【Foresight独占インタビュー】サルマン・アフメド米国務省政策企画部長

「中間層のための外交」で世界に関与する大義を再設定する

執筆者:ブルース・ストークス(Bruce Stokes)2021年7月28日
サルマン・アフメド氏

   サルマン・アフメド(Salman Ahmad)は、アメリカ国務省の政策企画部長。この影響力あるポストの歴代担当者には、著名な外交官が名を連ねる。たとえば冷戦期の対ソ連「封じ込め政策」提唱者であるジョージ・ケナンや、現・大統領補佐官(国家安全保障担当)のジェイク・サリバンなどだ。
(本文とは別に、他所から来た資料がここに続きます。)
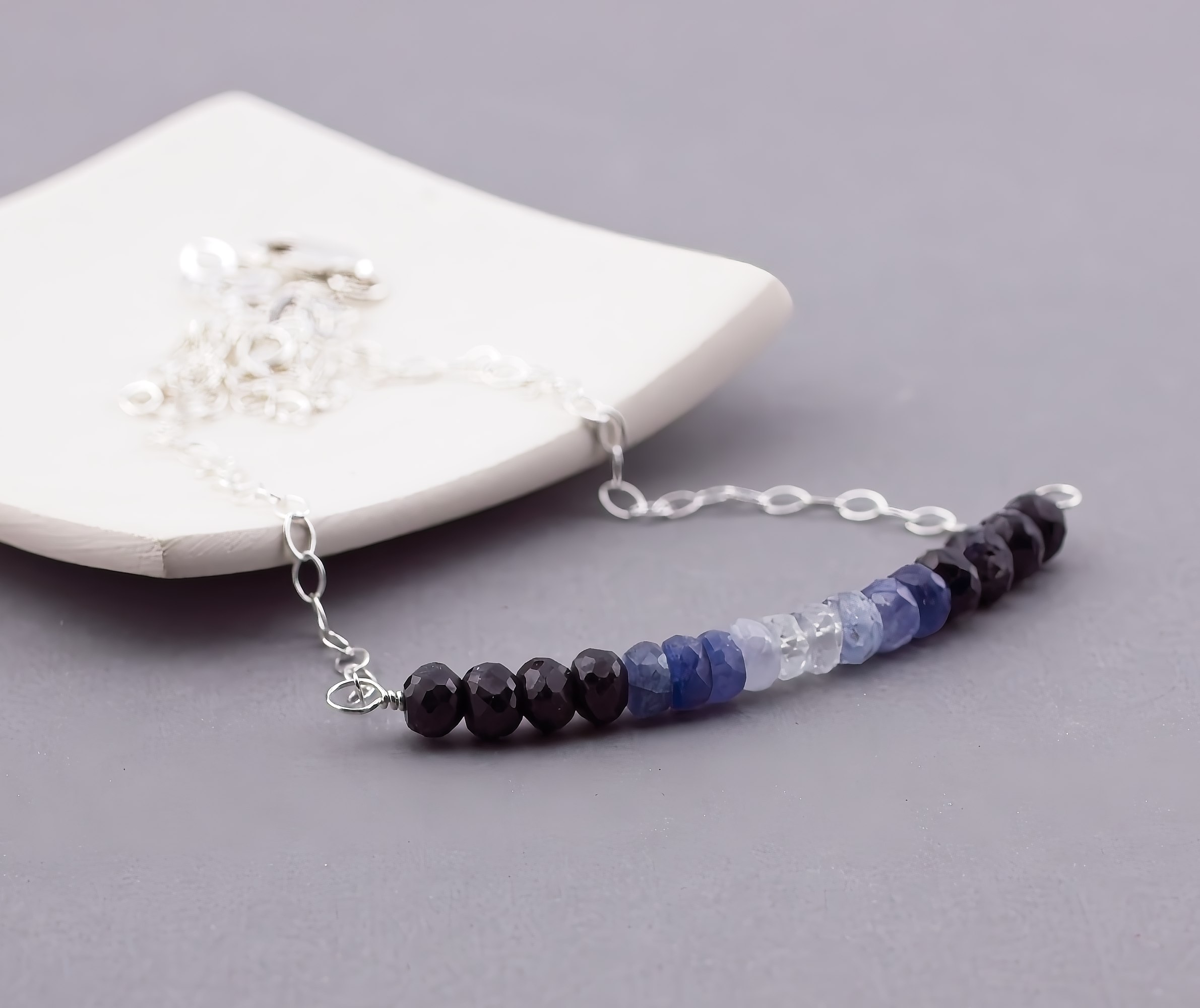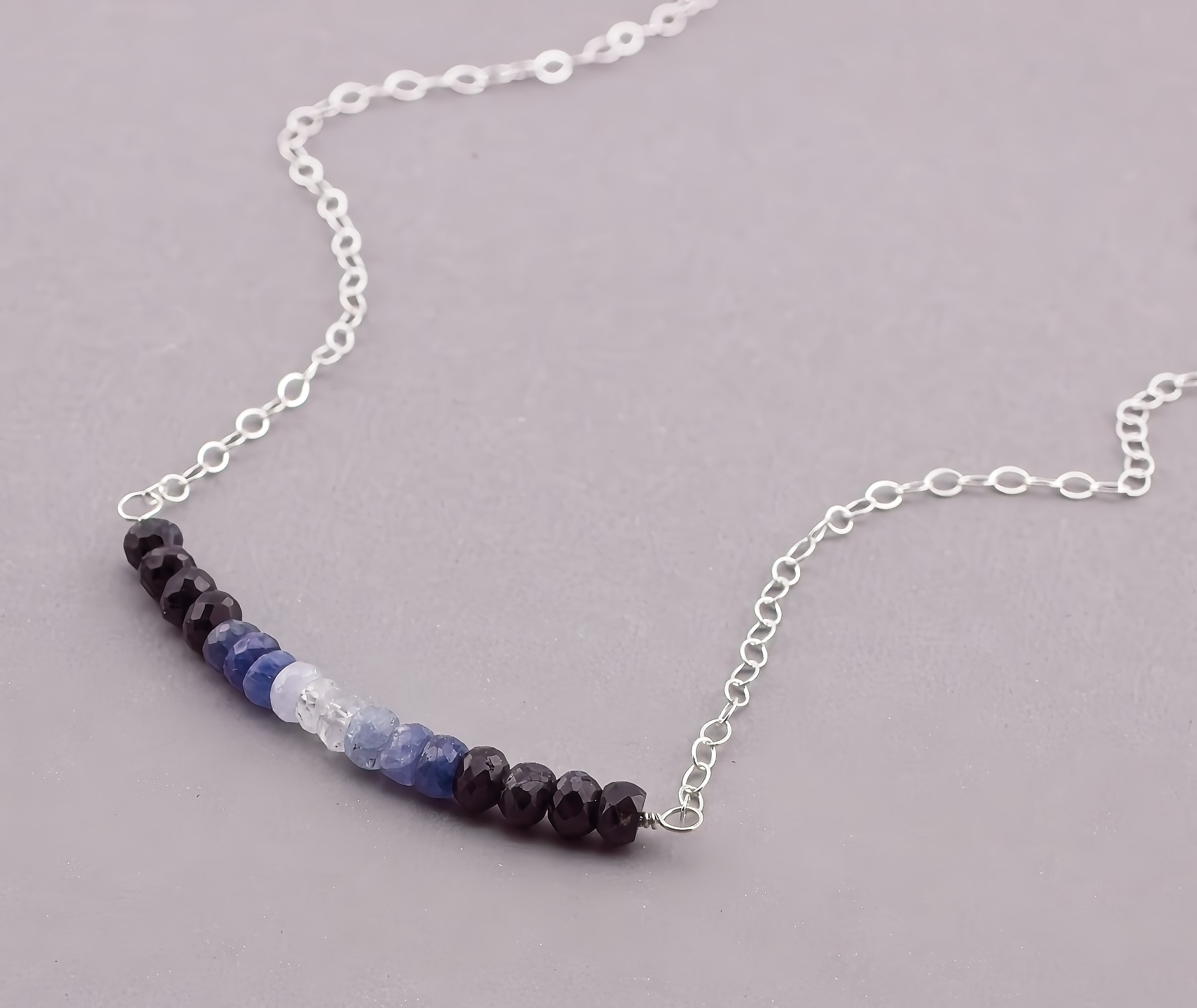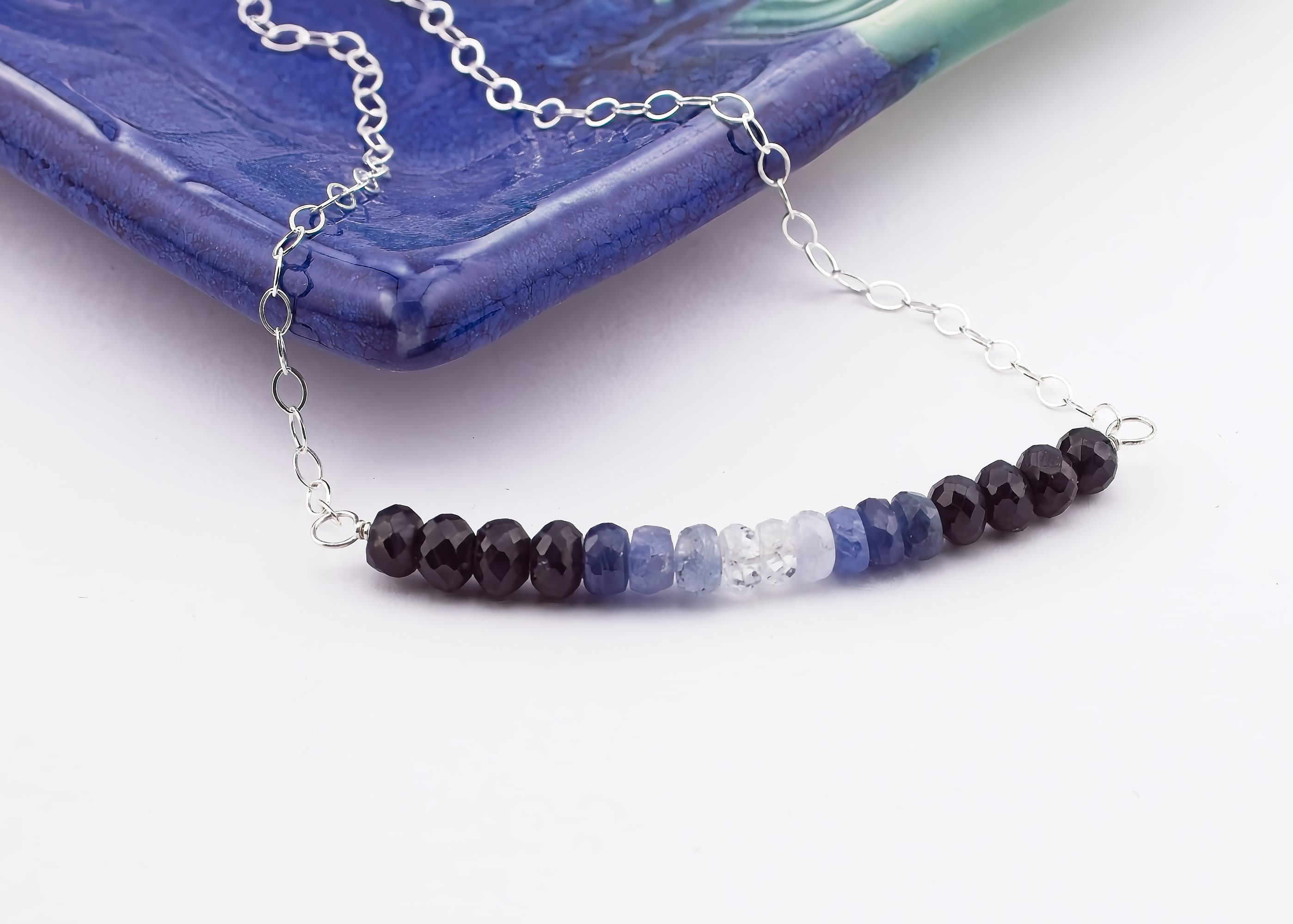 Sparkling and natural blue sapphire necklace with stunning ombre shades of dark and light blue sapphire set off by white sapphire in the middle. These are beautifully faceted beads that catch the light, strung on a gold filled or sterling silver chain. Each shaded gemstone necklace is adjustable and finished with a sturdy gold filled or sterling silver lobster clasp. The stones are 2.5-3.5mm in size.

アフメドは就任前までカーネギー国際平和基金のシニアフェローをつとめ、外交政策がアメリカの中間層により利益をもたらすための、いわゆる「中間層のための外交」を研究していた。それ以前には、国家安全保障会議(NSC)や国連などでも勤務していた人物である。

――バイデン政権の「中間層のための外交」は、アメリカのパワーの国内基盤を強化するものだといわれます。なぜ必要なのでしょうか

   第二次世界大戦後、アメリカが世界で大きな役割を担っていた頃を振り返れば、経済成長率が極めて高く、教育やインフラ、労働力開発などへの公共投資も盛んで、これらはすべて中間層の底上げにつながっていました。また国内の賃金格差は史上最も小さく、他国との経済競争も激しくなかった。さらに冷戦下では、国民をひとつにまとめる脅威がありました。